Ins Digitale überführen Für einen ganz anderen Aspekt von Mobilität steht die polizeiliche App des Dataport-Projekts @rtus. Grundidee, so der Produktveranwortliche Michael Roß, sei gewesen, die traditionellen Merkhefte der Polizei ins Digitale zu überführen. Die neue App erlaube nicht nur Notizen auf dem Smartphone, sondern auch den direkten Zugriff auf das Vorgangsbearbeitungssystem @rtus, Datenbankrecherchen, digitale Aufzeichnungen etc.

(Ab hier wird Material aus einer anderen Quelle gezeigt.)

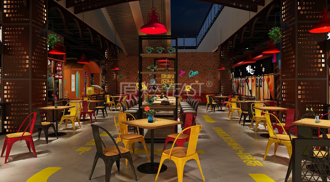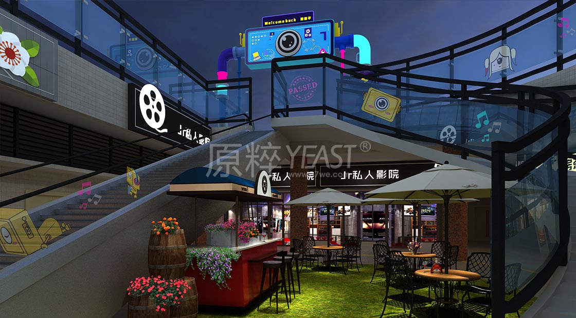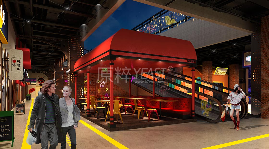 用增设售卖亭、外摆伞座的方式引导消费,并实现休息的功能性区域,并选择与店铺业态相匹配的散座花箱。再进行细节的搭配处理,实现材质与材质之间的碰撞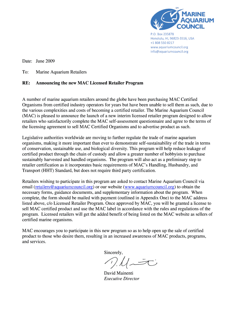 P.O. Box235878 Honolulu, HI,968233516,USA +18085508217 www.aquariumcouncil.org info aquarium council.org Date: June 2009 To: Marine Aquarium Retailers RE: Announcing the new MAC Licensed Retailer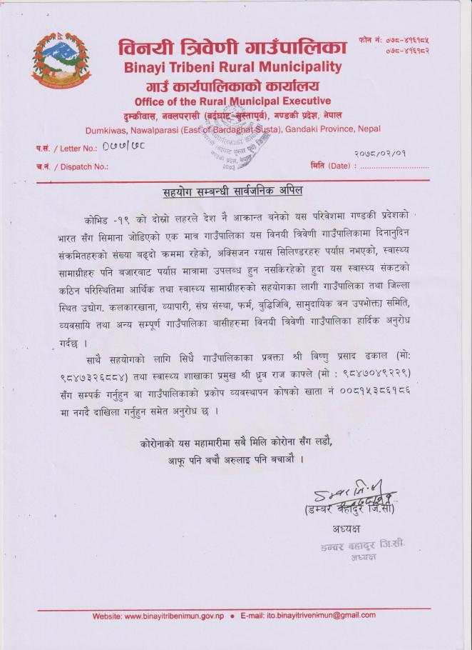 सहयोग सम्बन्धी सार्वजनिक अपिल ।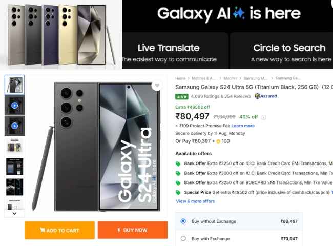 2024 లో శాంసంగ్ ప్రీమియం సిరీస్ గెలాక్సీ నుంచి అందించిన ప్రీమియం స్మార్ట్ ఫోన్ శాంసంగ్ గెలాక్సీ S24 అల్ట్రా స్మార్ట్ ఫోన్ ఈరోజు ఫ్లిప్ కార్ట్ నుంచి బిగ్ డిస్కౌంట్ ఆఫర్స్ అందుకుంది. శాంసంగ్ ఈ ఫోన్ బేసిక్ మోడల్ ను ఇండియాలో రూ. 1,34,999 రూపాయల ధరతో లాంచ్ చేసింది. అయితే, గెలాక్సీ S25 సిరీస్ లాంచ్ తర్వాత ఈ ఫోన్ ధర తగ్గించింది. అయితే, ఈ ఫోన్ ఈరోజు ఫ్లిప్ కార్ట్ నుంచి 40% భారీ డిస్కౌంట్ అందుకుని రూ. 80,497 ఆఫర్ ప్రైస్ ట్యాగ్ తో లిస్ట్ అయ్యింది.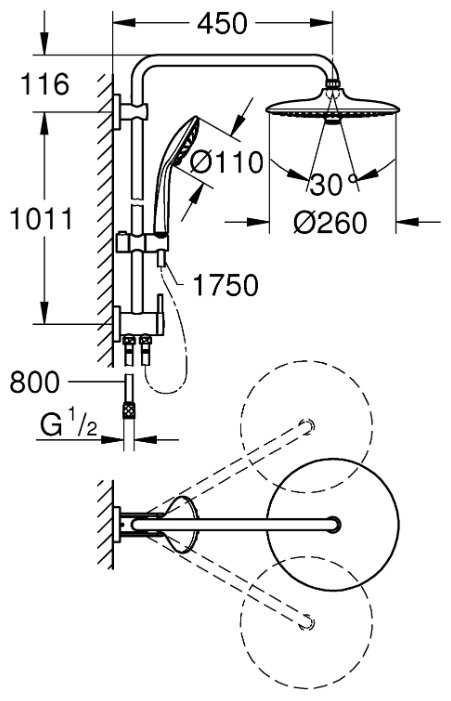 | Форма верхнего душа : | круглая |
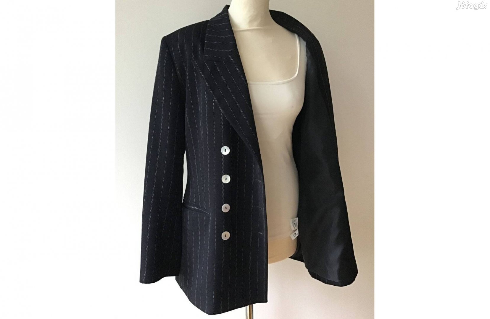 Fekete, hajszálcsíkos, gyöngyház gombos, szép blézer 40-es méret.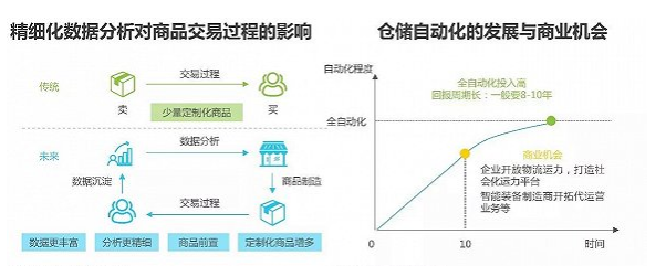 物流科技的創(chuàng)新將給傳統(tǒng)的商業(yè)模式帶來(lái)升級(jí)和變革。未來(lái),大數(shù)據(jù)、云計(jì)算等技術(shù)的成熟和應(yīng)用,可以更靈活的調(diào)整物流結(jié)構(gòu),由傳統(tǒng)先訂單后物流的模式,轉(zhuǎn)變?yōu)榉治鱿M(fèi)數(shù)據(jù),提前將一部分商品前置,或是生產(chǎn)符合客戶(hù)需求的定制化產(chǎn)品,精準(zhǔn)地配置庫(kù)存,降低成本。另外,自動(dòng)化設(shè)備方面,由于投資規(guī)模大,回報(bào)周期長(zhǎng),且改動(dòng)成本高,一般要求對(duì)業(yè)務(wù)不要具有太多的變化,但目前國(guó)內(nèi)商業(yè)發(fā)展活躍,變化快,因此10年內(nèi)一般不會(huì)實(shí)行倉(cāng)庫(kù)全自動(dòng)化,但自動(dòng)化程度會(huì)逐漸提高,較好的兼顧供應(yīng)鏈柔性。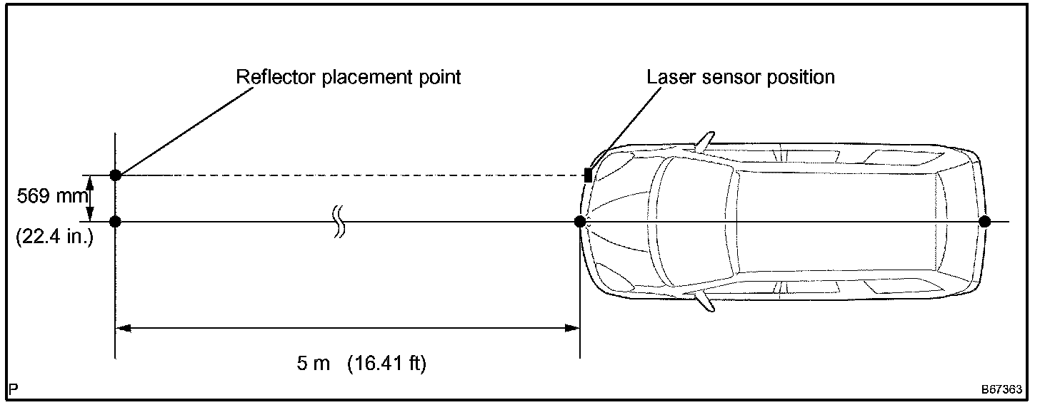 4. From the 5 m (16.41 ft) marked position, measure 569 mm (22.4 in.) to the right and place the reflector there.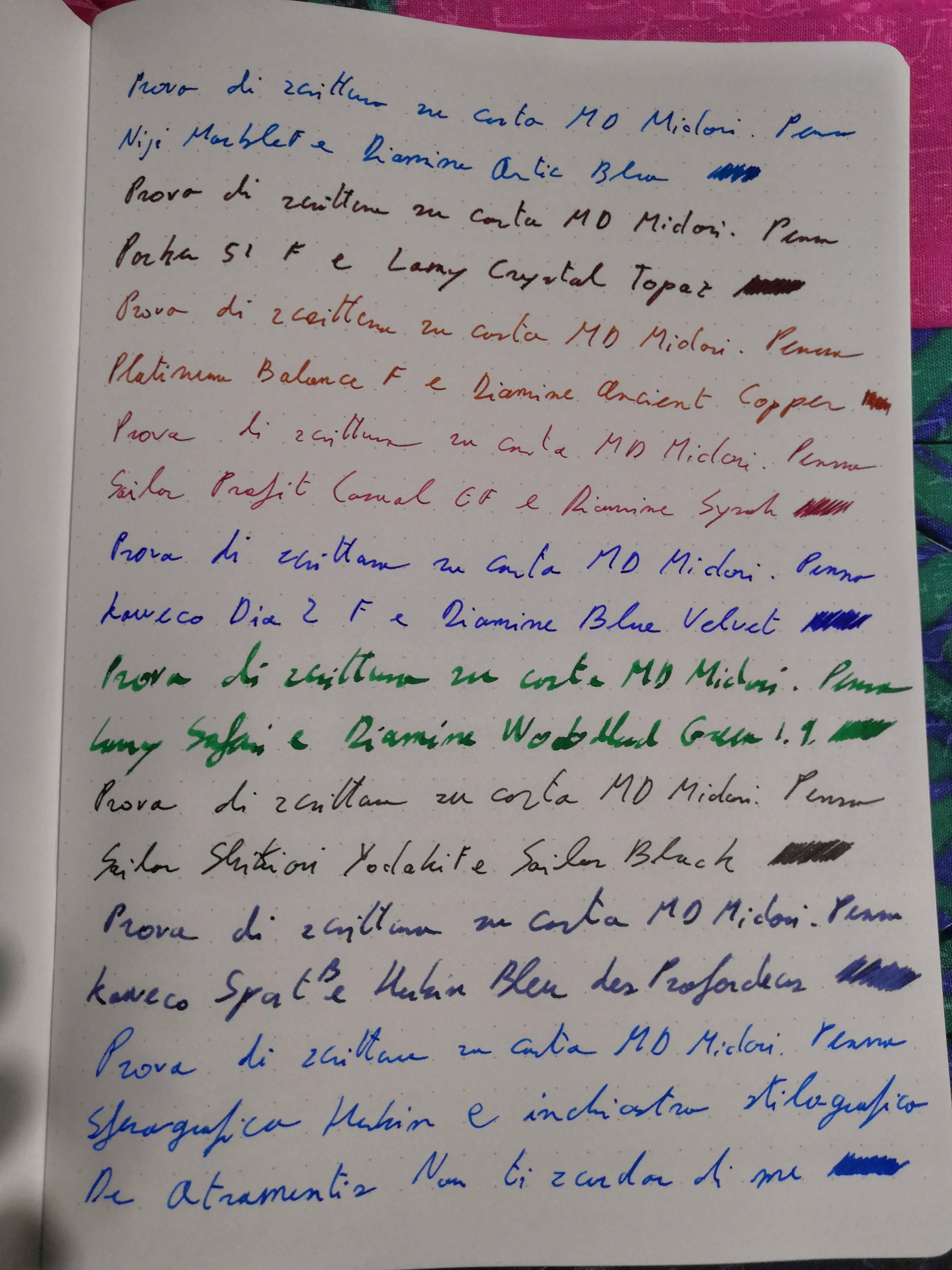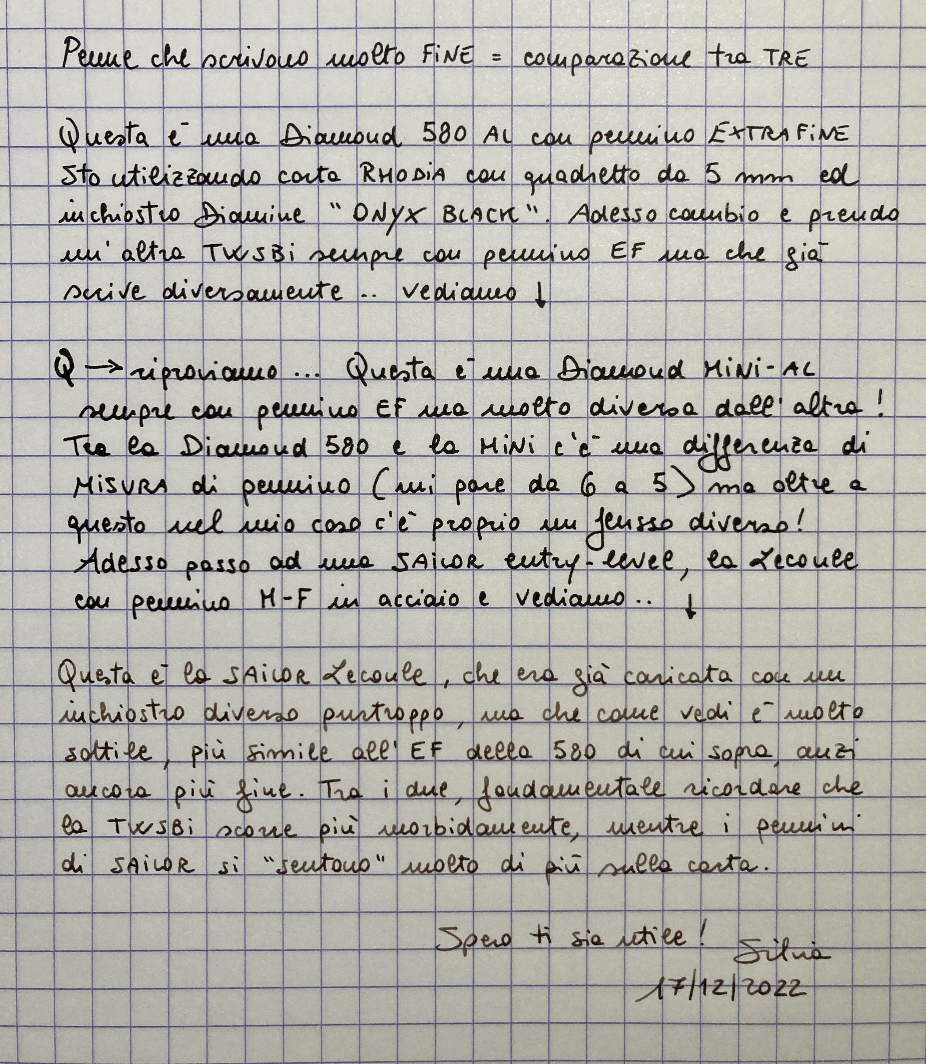 C'è anche da dire che ci possono essere differenze tra pennini della stessa casa, basta citare i pennini della Lamy Z50 EF, non ne ho uno che scriva uguale, per avere una coerenza di tratto li ho tutti cambiati con dei pennini presi dalla Cina. Parlo per la mia esperienza, che può benissimo essere smentita, tra la ECO in mio possesso e la Diamond 580 e la Diamond 580 AL, tutte EF, la ECO è leggermente più abbondante potrei quasi dire che siamo su un EF europeo.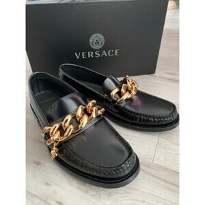 Step out in style with these brand new Versace Women's Leather Loafers! These stunning loafers are size 38 (US 7.5-8) and come to you new with tags, complete with the original box and dust bag. You will love the luxurious feel of the high-quality leather and the eye-catching gold hardware detailing. Perfect for adding a touch of elegance to any outfit, these Versace loafers are a must-have for any fashion-conscious woman. Grab them now and elevate your wardrobe with a touch of Italian luxury!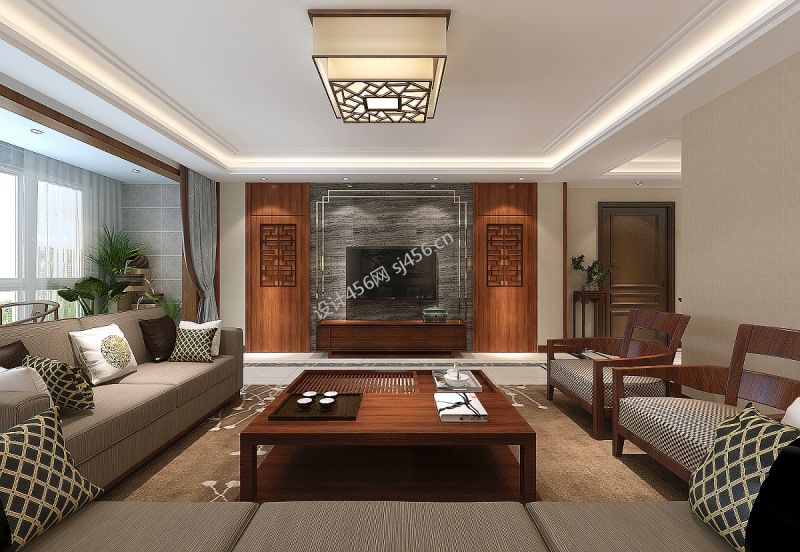 2020典雅新中式客厅效果图 电视背景墙设计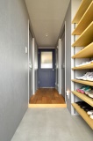 玄関から廊下にかけても、LDKと同じく壁や天井をグレートーンで塗装。統一感があり、スッキリとした印象に。LDKへと続く正面のドアは、同社オリジナルの無垢材のドアをネイビーカラーに塗装し、空間に馴染ませながら、アクセントとして目を愉しませてくれる。玄関収納はオープンにして、靴を出し入れしやすく。閉塞的になりがちな玄関に、ゆとりを持たせる役割もある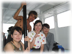 それは最悪。とにかくお店で急いでログ付して、オオバさんだけ小浜への船に乗るため離島桟橋へ〜。向こうにいてる友達と相談をしてどうするか早急に決めてもらわないと・・・。。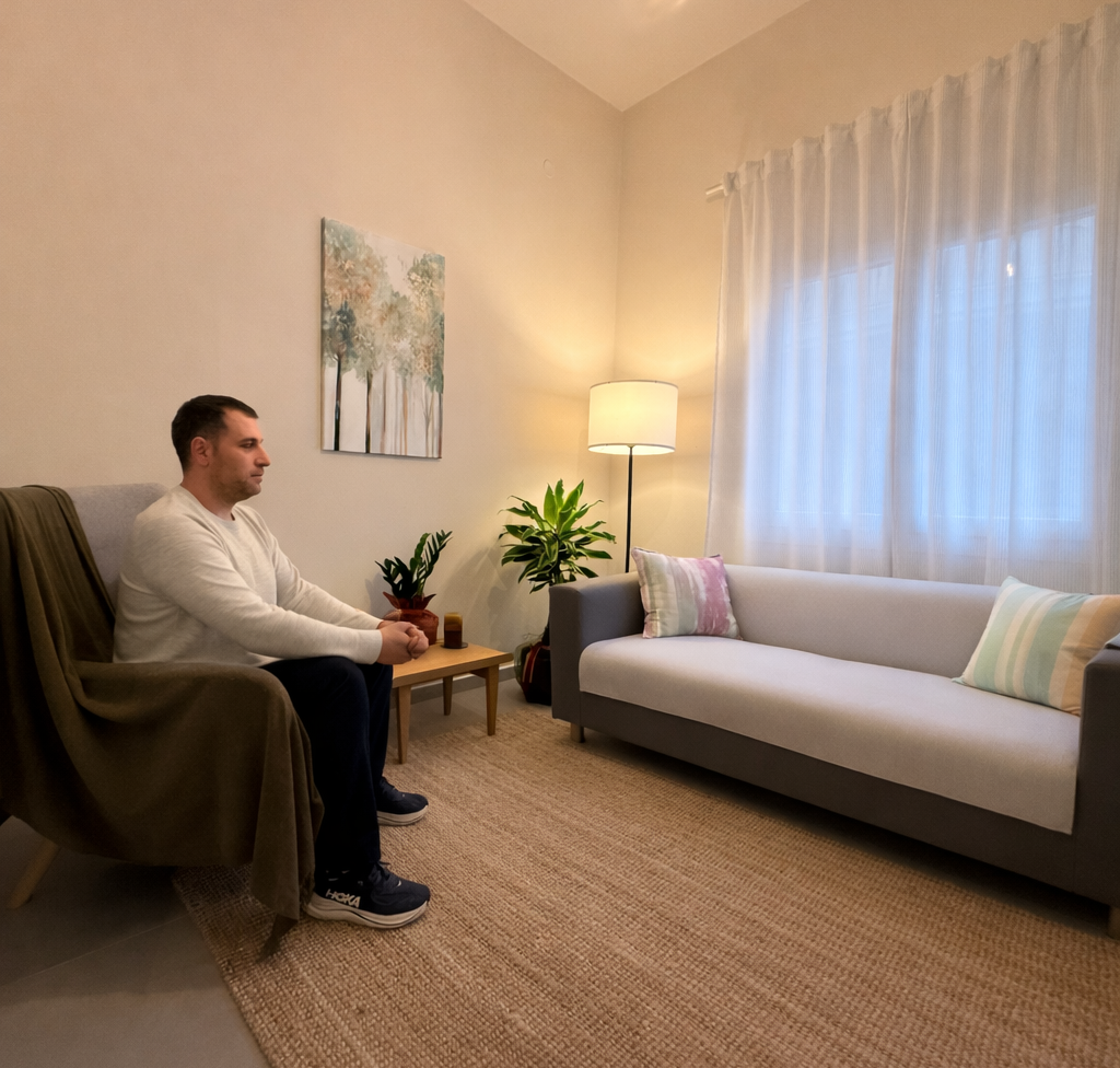 Έναν χώρο που επιτρέπει στον άνθρωπο να σταματήσει για λίγο, να αναπνεύσει και να στραφεί με φροντίδα προς τον εαυτό του. Είναι ένας τόπος όπου μπορεί κανείς να νιώσει ότι έχει χρόνο, ηρεμία και στήριξη, ώστε να μιλήσει ανοιχτά — χωρίς φόβο ή πίεση.

Erläuterte die umfassende Netzmodernisierung durch die BDBOS: Claus-Dieter Spletter. Foto: BS/Klawon
Im Rahmen des Bund-LänderProgramms Polizei 20/20 konkretisiert das Teilprojekt “Mobilität” die Anforderungen der Polizei an die Kommunikation der Zukunft: ortsunabhängiger Zugriff auf Informationen, Erleichterung der Arbeit, Handlungssicherheit und Flexibilität stehen ganz vorn. Das Team um Teilprojekt-Leiter Oskar Neda von der Zentralen Polizeidirektion Niedersachsen geht das Vorhaben mit agilen Methoden und im iterativen Austausch mit den künftigen Nutzerinnen und Nutzern an. Zunächst steht eine Marktschau an.
Kooperative Leitstelle für Berlin Dass man einen langen Atem zur Umsetzung braucht, haben Berlins Feuerwehr und Polizei in den letzten Jahren beim Aufbau ihrer gemeinsamen kooperativen Leitstelle erfahren, die nicht nur neue einheitliche Technik, Organisationsveränderungen und Umbauten, sondern sogar einen Neubau erfordert. Doch jetzt können Projektleiter Thomas Schnitzer und sein IABGBerater Dr. Stephan Gottwald erstmals strahlen: Die komplexe Planung stehe, der Zuschlag für die Technik sei erteilt. Nur beim geplanten Neubau stünden noch Genehmigungen aus. Angestrebt wird eine Inbetriebnahme ab 2023/2024. Die Fachwelt ist gespannt.